We’ve outlined all the ingredients and directions for you to make the perfect Apple Brown Betty with Ice Cream. This dish qualifies as a Easy level recipe. It should take you about 1 hr 40 min to make this recipe. The Apple Brown Betty with Ice Cream recipe should make enough food for 4 to 6 servings.

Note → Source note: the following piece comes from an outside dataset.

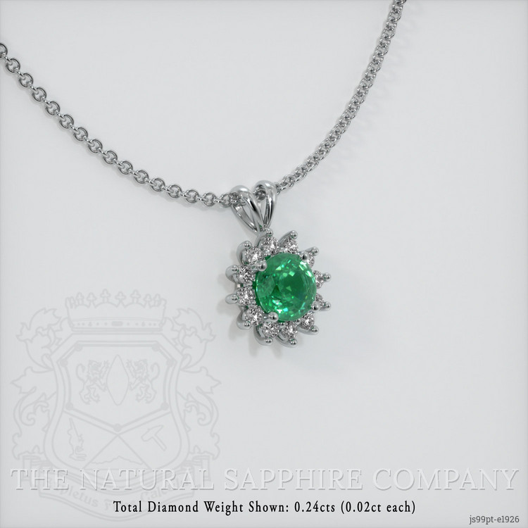 The pendant features a beautiful, transparent 0.80 carat round shape green emerald with the dimensions of 6.23 x 6.05 x 3.70 mm and a mixed brilliant cut. It has a clarity grade of very slightly included (evaluated at eye level), medium color saturation, and an excellent polish. The origin of this emerald is Zambia.

You can add your own personal twist to this Apple Brown Betty with Ice Cream recipe, depending on your culture or family tradition. Don’t be scared to add other ingredients once you’ve gotten comfortable with the recipe! Please see below for a list of potential bakeware items that might be necessary for this Apple Brown Betty with Ice Cream recipe.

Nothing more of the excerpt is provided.